Details
- Understanding the shift: data products vs. traditional MDM
- Leveraging data product capabilities for success
- The organizational impact of data products
- Data product strategy implementation: key considerations for building vs. buying
Speakers
Post-event summary
The webinar titled “Data Management in an AI-Driven Era: Why MDM is No Longer Sufficient,” co-hosted by the EDM Council and Tamr, featured a dynamic and insightful discussion among industry experts:
- Dr. Michael Stonebraker, Adjunct Professor, MIT
- Anthony Deighton, Data Products General Manager, Tamr
- Moderator: Eric Bigelsen, Head of Industry Engagement, EDM Council
The webinar primarily focused on the challenges and opportunities in data management within enterprises, emphasizing the crucial role of Artificial Intelligence (AI) and Machine Learning (ML) in enhancing data quality and efficiency. The discussion began with an acknowledgment of the complexities caused by data silos in enterprises. These silos often lead to inconsistent data schemas and quality issues, significantly hampering business decision-making processes.

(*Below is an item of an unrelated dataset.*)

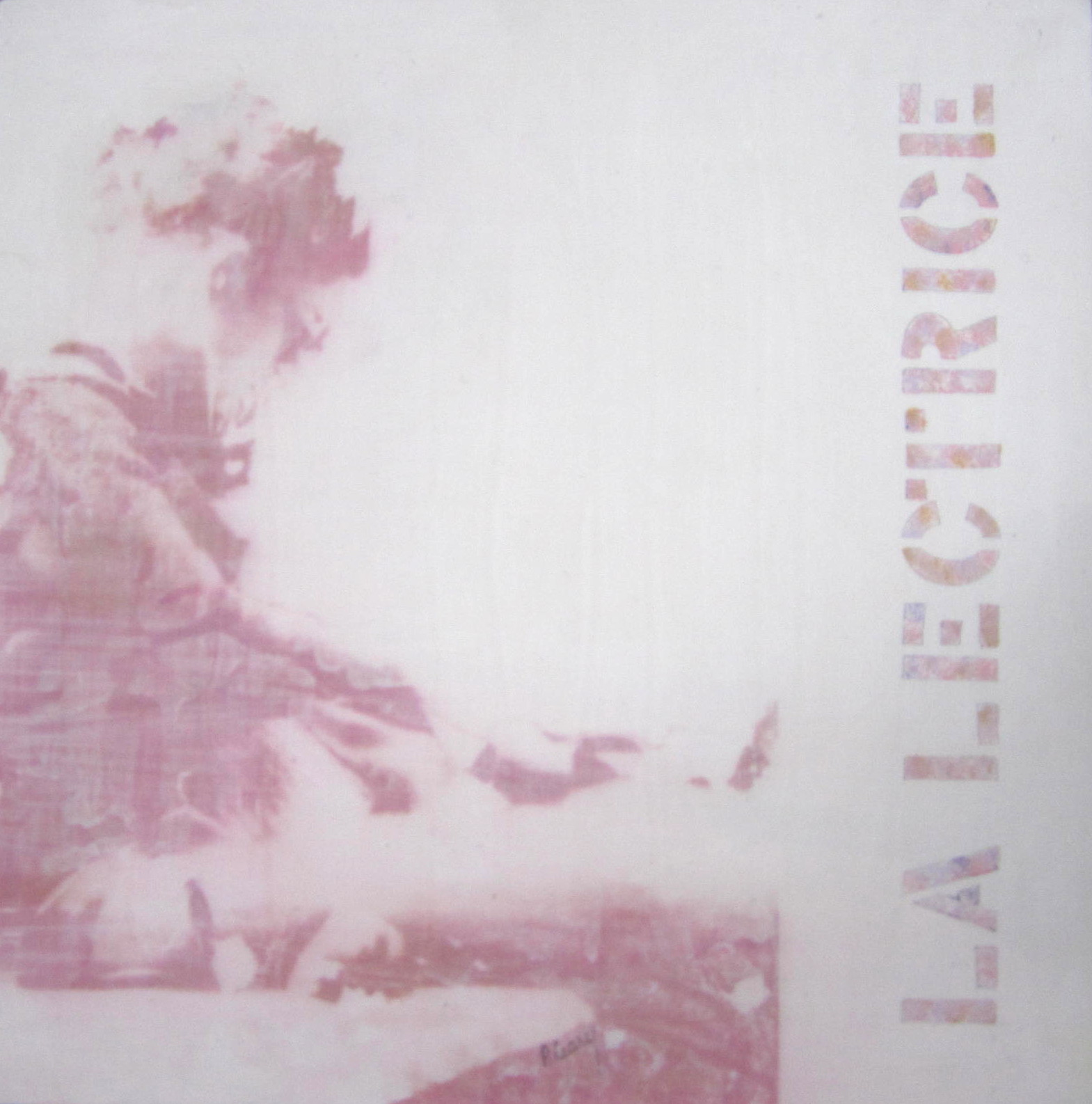 The four paintings all have photo transfers as their base, with acrylic over painting and either graphite or Caran d’Ache, water soluble artists’ crayons from Switzerland, as top sketching.

The traditional methods of data integration, heavily reliant on rules-based systems or manual processing, were critiqued for their inability to scale and adapt to complex enterprise data environments.

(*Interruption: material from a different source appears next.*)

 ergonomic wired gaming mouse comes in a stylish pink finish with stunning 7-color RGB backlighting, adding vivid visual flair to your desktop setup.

A significant portion of the webinar was dedicated to the transformative potential of AI and ML in mastering data management challenges. AI, particularly advancements like large language models, was highlighted as a key enabler for automating and improving data quality and integrity. AI models offer scalability and can work continuously, providing a dynamic solution for enterprise data management.
The concept of “data products” was introduced, emphasizing the importance of organizing data around key business entities to simplify data accessibility across various business units. Additionally, cloud infrastructure’s role in supporting AI-driven data management solutions was discussed, highlighting its scalability and flexibility.

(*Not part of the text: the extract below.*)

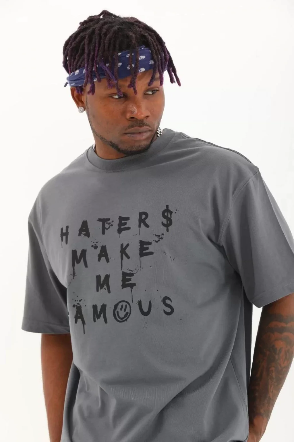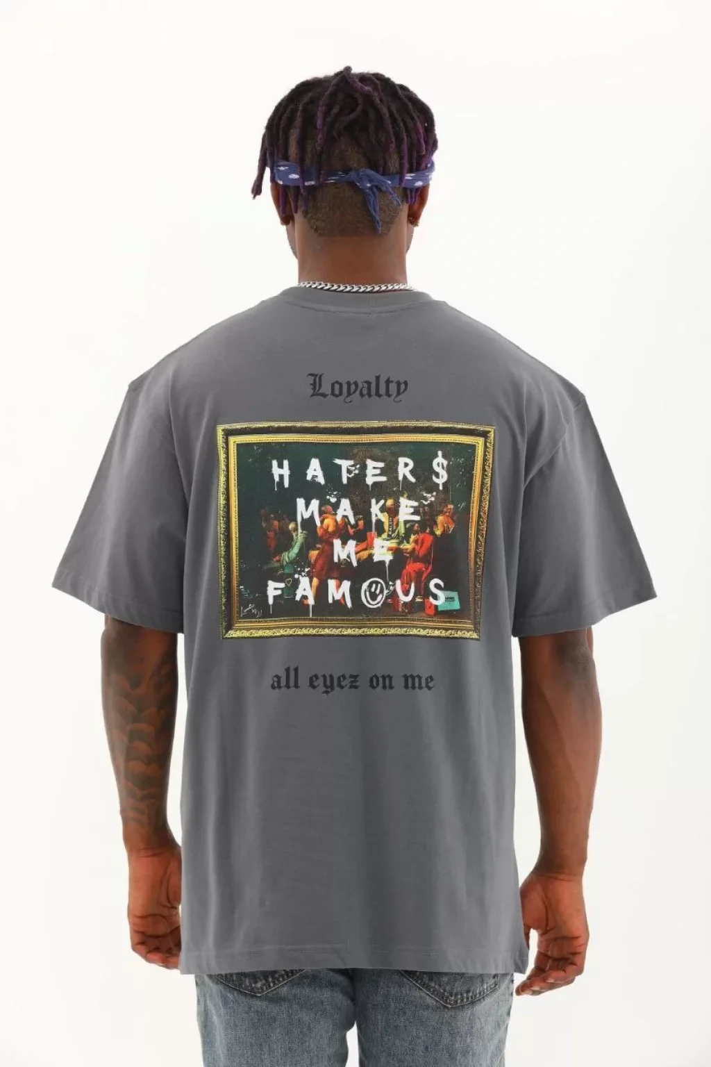 Unisex Oversize Baskılı Bisiklet Yaka T-Shirt - Füme

Despite these advancements, a pivotal point raised during the discussion was the mixed response from participants about their data management practices. As one speaker noted, “50% said yes, 50% said no” in competing on data and analytics, and similar responses were observed in managing data as a business asset and establishing a data-driven culture.This indicates that while there is significant progress in some areas, there is still much work to be done in fully integrating AI and data analytics into business strategies.
The session concluded with an emphasis on starting small with AI implementations, gradually scaling up, and utilizing data products as a foundational step towards comprehensive data management strategies. The importance of organizational support, such as access to enterprise-wide data and hiring skilled ML professionals, was highlighted as crucial for the successful adoption of AI in data management.